Things Remembered and Things Lost

Happy St. Patrick’s Day!  I have no idea why Patrick was given this honor, as he wasn’t even born in Ireland, and everyone knows it was the Irish leopard who did in all the snakes.  We are going to celebrate the occasion at our friend Leah’s.  Her husband Paul, a large Apache with a grey ponytail will be cooking  corned beef, and the guests will bring the rest of the feast.  There is always an interesting group of people with music supplied by guitars, a fiddle and a boudron (sp.) which is a sort of drum played with a frenetic beat.  The price  of admission is a limerick to be read aloud throughout the evening.  I will wear my Irish faux leopard coat which was given to me third hand by my daughter, after the leopards finished off the snakes. I am taking my famous Irish Whiskey Soda Bread.

Mr. Advice and I traveled through Ireland for three weeks several years ago, and the first morning out, we emerged from our hotel into a heavy dripping fog, and our bus driver called out “Ah!  It’s a grand soft mornin”!  (  I think that’s what they mean by  Irish Blarney.)   Along with all the other tourists, we kissed the Blarney stone towards the end of our journey.  How anyone ever thought to climb all the way up there and lie on your back to kiss a stone, is one of Life’s great mysteries. 

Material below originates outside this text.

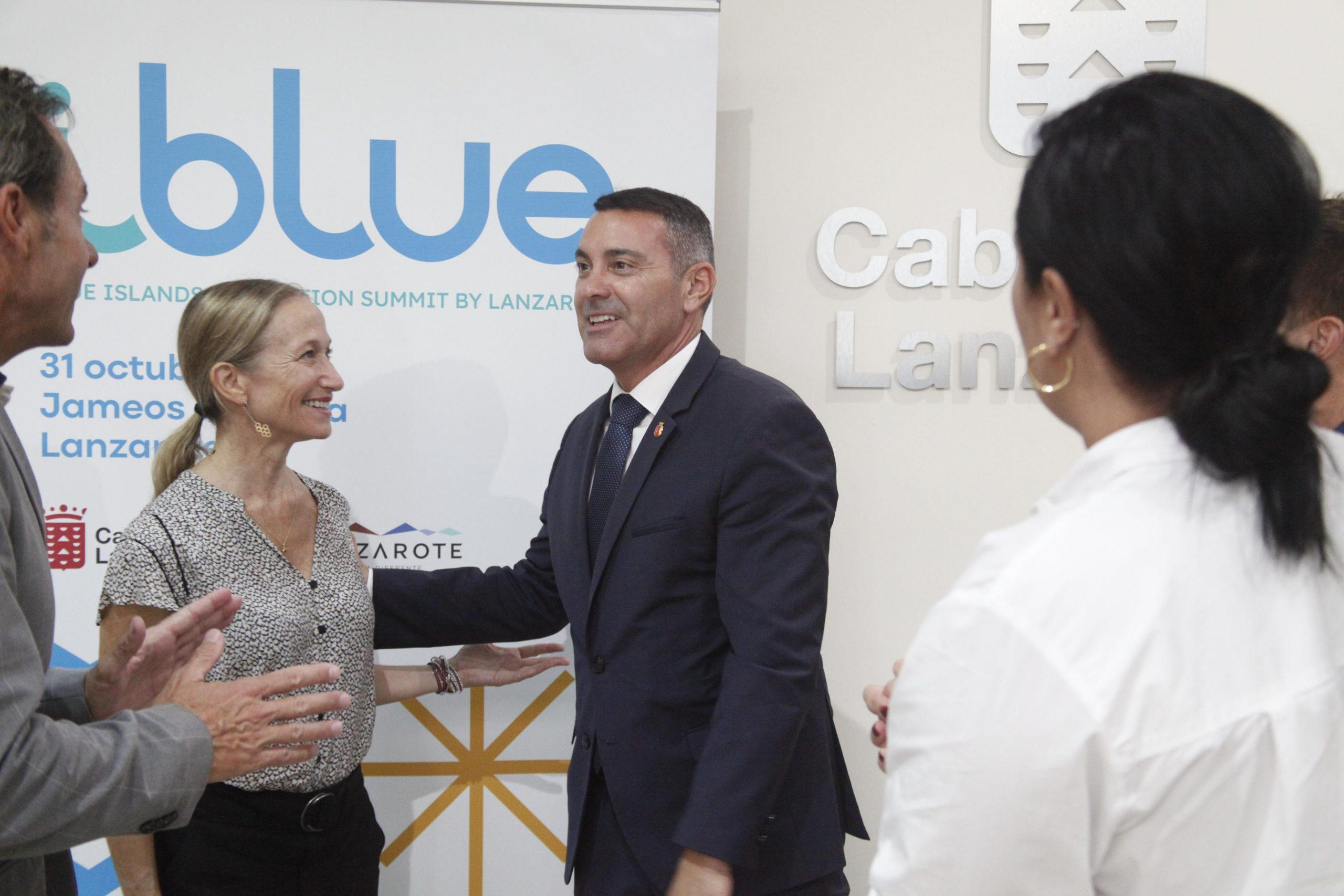 El presidente del Cabildo de Lanzarote, Oswaldo Betancort, ha recibido a la activista medioambiental Céline Cousteau junto con Enrique Acosta, director técnico del Congreso iBlue, y Héctor Fernández Manchado, consejero delegado de SPEL-Turismo Lanzarote, para abordar los objetivos clave del Congreso Turismo Azul iBlue (Blue Islands Innovation Summit), que se inicia mañana en la isla.

My Grandpa Jim was filled with blarney.  His only claim to being Irish was from his mother, who was a Foley, but I know he never thought of himself as Irish. He came from Montreal, and short as he was, played on a hockey team.   After I learned to ice skate while we lived in Connecticut, he wrote me and said we would skate together when I came back home.  It never happened.    He wore a wool cap and large horn-rimmed glasses, and always seemed a small, grey personage who drifted in and out of my life.  He lived alone after my Grandma Nellie divorced him, which we’ll talk about later.  He played cribbage, and was an expert.  I finally beat him though, but I was nearly 40 years old before it happened, and I think he was having a bad day.  When he died in Grants Pass Oregon, while living with my parents,he was buried in the family plot, but my Grandma would not allow him to be put anywhere near her, so he is in one corner at the bottom, and she eventually was laid out in the farthest corner at the top of the plot.  I don’t think he had a very happy life, and I miss him.   Lift a passing glass.  Slange!

I’m feeling generous today, so I think I will pass along the recipe for my aforementioned Irish Soda Bread. 

   Soak 1 cup golden raisins in 1/2 cup Irish Whiskey (water if you must.)

Mis together 2 cups flour,  3 Tbs. sugar, 1 tsp baking soda, 3/4 tsp salt

Cut in 4 Tbs cold butter until it looks like coarse crumbs.  Drain and stir in the raisins.   

Stir in 3/4 cup plus 1 Tbs. buttermilk.  Stir just until barely together, then gently knead 5-6 times.   Try not to add additional flour.  It will be sticky. 

Put on parchment covered baking sheet.  Crisscross loaf with sharp klnife or razor .  Bake 30 min at 375.  Cool on cloth covered rack and cover with cloth to keep it soft.

Author: kaytisweetlandrasmussen83

I am a retired fine arts teacher, sculptor/painter, writer, and a native Californian. I love my family,dogs, horses, movies, reading and music, probably in that order. I have been married forever to a very nice man who is nice to old ladies, dogs and children.

4 thoughts on “Things Remembered and Things Lost”

  1. Such fun Kayti..sounds as though you have a large family..sooo many to love and cherish and also “contend” with..hahah. All the personalities. That’s the joy of it really huh? I love the “Mr.Advice” sooo special and true.!
    You are painting a picture with your story vivid.


  2. Kayti, I’m so happy to see you blogging! How fun! I love it! Thank you so much for the stories, and for the recipe for Irish Soda Bread. (I think you’d just have to use Whiskey, don’t you agree? I mean, it’s not Irish if there isn’t Whiskey or beer in it, is it?) don’t think I’ve ever had any, but I’d like to make this. It doesn’t sound too difficult with lots of kneading and knocking yourself out.

    Now I’m going to have to look up Irish leopards. I haven’t heard about them. Where have I been? Under a rock? 🙂


  3. Found it. Things are findable if one checks our all the corners. Something to do with casting off blinders? taking advantage of peripheral vision?

    Curious to see how Lory’s recipe differs from the posted “famous” one. Certainly no difference exists if using whiskey or not separates the two. Or is the difference which kind of whiskey/brand is used?